James Barrington is a former Executive Director of the League Against Cruel Sports. He is now an animal welfare consultant to Countryside Alliance, Council of Hunting Associations and the All Party Parliamentary Middle Way Group.
“I regret to say that I do not think there will be Government agreement to go forward” – the words of the Prime Minister a week ago ago today, when he signalled at Prime Minister’s Questions that signalled the proposed amendment to the Hunting Act will not take place.
No doubt his statement brought cheer to those who oppose the activity, while it was probably be seen by most as just the latest spat in the ongoing debate over hunting. In fact, the failure to make this modest change to what is clearly a flawed law has left behind an uncomfortable situation for some of the parties involved.
The suggested change referred to an exemption in the Hunting Act, which allows a wild mammal to be flushed out of cover to be shot, but using only two dogs. The Federation of Welsh Farmers Packs (FWFP) argued that this limitation on the number of dogs makes the exemption unworkable for farmers living near large areas of forestry and called for no limit to be set on the number of dogs, as is the case with the Scottish legislation banning hunting.
All the anti-hunting groups accepted such a necessity at the time the law was passed, saying: “The Hunting Act specifically includes exemptions under which legitimate pest control is allowed.” A scientific study was commissioned by the FWFP that proved raising the number of dogs shortened the flushing period and was more efficient overall. The amendment could be made by way of a Statutory Instrument, a process used to make minor alterations to a law when an aspect of it requires improvement, and thereby avoid introducing a new act.
Reasonable? One might have thought so, but the ‘H’ word does all sorts of strange things to some politicians and pressure groups, one of which is to send reason straight out of the window. Consequently, the debate started to become more about hunting generally, instead of what was intended, which was making a specific exemption in the Hunting Act work as intended.
As much as anti-hunting groups, such as the RSPCA, IFAW and the League Against Cruel Sports, tried to push the argument into a wider context, they showed themselves to be duplicitous in their reaction to the proposal. For example, last month the League praised the Scottish anti-hunt legislation, referring to it as, “a hugely important piece of legislation, as it seeks to protect foxes and other mammals from the sickeningly cruel blood sport of hunting.”
Yet of the attempt to bring the English and Welsh law into line with Scotland as the amendment would do, the League says: “This is not some minor amendment, but would effectively legalise hunting again and would have driven a coach and horses through the current legislation, rendering it effectively useless and unenforceable.” So now the view of the Scottish law has changed and is regarded by the League as “unenforceable”.
The Scottish law has either banned hunting and is good legislation or it has not banned hunting and is flawed legislation – it cannot be both.
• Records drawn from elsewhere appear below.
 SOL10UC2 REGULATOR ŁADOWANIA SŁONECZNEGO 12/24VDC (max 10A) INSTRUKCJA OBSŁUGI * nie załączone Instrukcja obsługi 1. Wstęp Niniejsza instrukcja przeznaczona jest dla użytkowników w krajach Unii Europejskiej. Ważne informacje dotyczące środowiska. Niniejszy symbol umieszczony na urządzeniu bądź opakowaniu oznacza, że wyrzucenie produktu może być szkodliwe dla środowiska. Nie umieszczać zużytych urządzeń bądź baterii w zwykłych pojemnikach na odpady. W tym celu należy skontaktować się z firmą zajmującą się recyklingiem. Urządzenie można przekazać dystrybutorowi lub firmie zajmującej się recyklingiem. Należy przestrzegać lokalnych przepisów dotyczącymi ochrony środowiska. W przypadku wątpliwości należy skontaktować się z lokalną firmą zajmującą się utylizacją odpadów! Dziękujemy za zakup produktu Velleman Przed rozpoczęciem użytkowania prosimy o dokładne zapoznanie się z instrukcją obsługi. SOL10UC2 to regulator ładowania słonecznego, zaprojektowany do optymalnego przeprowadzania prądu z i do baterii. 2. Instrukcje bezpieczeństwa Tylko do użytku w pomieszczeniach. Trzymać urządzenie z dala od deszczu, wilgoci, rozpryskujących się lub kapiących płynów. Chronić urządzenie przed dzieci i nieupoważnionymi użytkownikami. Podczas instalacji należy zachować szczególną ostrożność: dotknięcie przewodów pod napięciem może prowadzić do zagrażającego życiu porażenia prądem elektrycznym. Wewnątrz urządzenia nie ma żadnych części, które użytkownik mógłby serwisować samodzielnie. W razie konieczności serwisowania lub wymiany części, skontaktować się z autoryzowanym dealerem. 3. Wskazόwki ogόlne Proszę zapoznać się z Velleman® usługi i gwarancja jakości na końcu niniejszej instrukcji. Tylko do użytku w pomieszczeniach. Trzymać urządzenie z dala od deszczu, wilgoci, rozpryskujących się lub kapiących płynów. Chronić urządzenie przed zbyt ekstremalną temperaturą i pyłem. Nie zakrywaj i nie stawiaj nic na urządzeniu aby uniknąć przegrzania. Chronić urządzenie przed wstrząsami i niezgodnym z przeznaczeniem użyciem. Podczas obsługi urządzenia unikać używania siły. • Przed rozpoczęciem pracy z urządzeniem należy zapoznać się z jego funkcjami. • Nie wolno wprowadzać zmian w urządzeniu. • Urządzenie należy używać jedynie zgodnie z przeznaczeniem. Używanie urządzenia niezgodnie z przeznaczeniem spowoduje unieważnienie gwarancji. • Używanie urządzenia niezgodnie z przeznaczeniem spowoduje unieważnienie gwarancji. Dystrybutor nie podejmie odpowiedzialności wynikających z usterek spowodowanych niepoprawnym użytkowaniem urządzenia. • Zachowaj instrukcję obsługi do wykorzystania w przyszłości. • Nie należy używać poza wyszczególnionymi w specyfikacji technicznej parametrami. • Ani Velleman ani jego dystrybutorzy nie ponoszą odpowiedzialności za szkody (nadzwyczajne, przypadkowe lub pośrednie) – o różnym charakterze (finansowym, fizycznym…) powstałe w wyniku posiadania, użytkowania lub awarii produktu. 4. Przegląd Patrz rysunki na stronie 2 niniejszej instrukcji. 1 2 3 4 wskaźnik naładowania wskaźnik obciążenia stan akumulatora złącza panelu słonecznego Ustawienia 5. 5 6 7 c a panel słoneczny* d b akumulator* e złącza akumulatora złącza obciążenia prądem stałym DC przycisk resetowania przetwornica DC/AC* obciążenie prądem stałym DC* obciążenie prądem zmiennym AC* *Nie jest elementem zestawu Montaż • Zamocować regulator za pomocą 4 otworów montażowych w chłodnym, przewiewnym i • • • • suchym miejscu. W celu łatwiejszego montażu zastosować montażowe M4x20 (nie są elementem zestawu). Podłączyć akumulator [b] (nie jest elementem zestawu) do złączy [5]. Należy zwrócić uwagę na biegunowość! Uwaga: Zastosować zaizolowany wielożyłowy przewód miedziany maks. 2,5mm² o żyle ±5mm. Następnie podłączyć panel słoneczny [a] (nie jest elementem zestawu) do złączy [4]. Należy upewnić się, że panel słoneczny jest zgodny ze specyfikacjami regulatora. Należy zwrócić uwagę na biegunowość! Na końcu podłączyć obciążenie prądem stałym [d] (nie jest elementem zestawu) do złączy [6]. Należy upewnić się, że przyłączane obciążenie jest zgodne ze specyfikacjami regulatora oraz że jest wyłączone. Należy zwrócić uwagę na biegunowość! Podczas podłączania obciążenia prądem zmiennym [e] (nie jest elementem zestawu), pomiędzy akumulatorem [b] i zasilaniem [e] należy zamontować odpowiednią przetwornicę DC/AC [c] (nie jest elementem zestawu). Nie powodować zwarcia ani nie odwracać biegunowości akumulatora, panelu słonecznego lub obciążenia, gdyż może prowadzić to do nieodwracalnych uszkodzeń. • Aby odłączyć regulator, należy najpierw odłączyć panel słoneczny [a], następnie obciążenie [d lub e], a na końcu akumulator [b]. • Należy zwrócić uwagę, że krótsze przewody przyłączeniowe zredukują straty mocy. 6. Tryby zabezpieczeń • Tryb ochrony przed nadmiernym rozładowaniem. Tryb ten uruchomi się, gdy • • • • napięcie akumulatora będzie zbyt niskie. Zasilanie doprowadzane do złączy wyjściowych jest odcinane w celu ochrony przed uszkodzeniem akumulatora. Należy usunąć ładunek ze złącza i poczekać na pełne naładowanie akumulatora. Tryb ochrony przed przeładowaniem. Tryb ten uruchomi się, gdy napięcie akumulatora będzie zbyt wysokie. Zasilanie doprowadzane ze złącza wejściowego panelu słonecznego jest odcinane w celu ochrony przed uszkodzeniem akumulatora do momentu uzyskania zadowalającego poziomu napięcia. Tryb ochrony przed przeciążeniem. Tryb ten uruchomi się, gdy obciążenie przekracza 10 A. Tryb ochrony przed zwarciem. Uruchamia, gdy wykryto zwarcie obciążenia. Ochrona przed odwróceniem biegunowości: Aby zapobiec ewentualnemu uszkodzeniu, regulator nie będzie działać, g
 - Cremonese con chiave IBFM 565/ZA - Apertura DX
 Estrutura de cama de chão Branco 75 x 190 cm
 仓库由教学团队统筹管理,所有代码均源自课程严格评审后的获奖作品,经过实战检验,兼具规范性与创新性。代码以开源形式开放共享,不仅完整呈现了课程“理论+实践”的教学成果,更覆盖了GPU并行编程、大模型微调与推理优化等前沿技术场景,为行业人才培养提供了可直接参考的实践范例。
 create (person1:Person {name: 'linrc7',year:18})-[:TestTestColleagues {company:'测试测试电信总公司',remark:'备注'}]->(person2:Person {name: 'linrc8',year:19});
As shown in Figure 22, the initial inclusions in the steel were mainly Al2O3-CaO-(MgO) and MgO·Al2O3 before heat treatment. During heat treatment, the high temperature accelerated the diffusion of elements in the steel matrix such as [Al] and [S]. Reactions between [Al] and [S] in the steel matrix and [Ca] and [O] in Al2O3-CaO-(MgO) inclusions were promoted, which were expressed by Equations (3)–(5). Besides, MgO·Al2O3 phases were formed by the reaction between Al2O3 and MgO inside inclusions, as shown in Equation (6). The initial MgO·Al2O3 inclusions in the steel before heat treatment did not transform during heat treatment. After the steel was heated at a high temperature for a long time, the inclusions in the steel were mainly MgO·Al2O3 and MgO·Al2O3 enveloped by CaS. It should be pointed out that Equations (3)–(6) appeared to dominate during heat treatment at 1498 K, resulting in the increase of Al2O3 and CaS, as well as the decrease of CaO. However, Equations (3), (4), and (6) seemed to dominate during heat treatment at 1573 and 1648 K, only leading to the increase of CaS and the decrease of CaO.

Then we have the politicians who were willing to swallow this nonsense. This is what Maria Eagle, the Shadow Environment Secretary, said in response to the suggested amendment: “The hunting of wild animals belongs in the dustbin of history and any attempt by this Government to repeal or amend the Hunting Act by the back door will be vigorously opposed by the Labour Party. With Britain facing a cost of living crisis, David Cameron’s obsession to hold another vote in Parliament on fox hunting shows how out of touch he is with people’s day to day lives.”
In fact, Labour politicians have raised questions about hunting a total of 134 times since 1997 and Ms Eagle conveniently forgets that 700 hours of Parliamentary time – ten times longer than the debates on invading Iraq – were consumed to finally pass the Hunting Act.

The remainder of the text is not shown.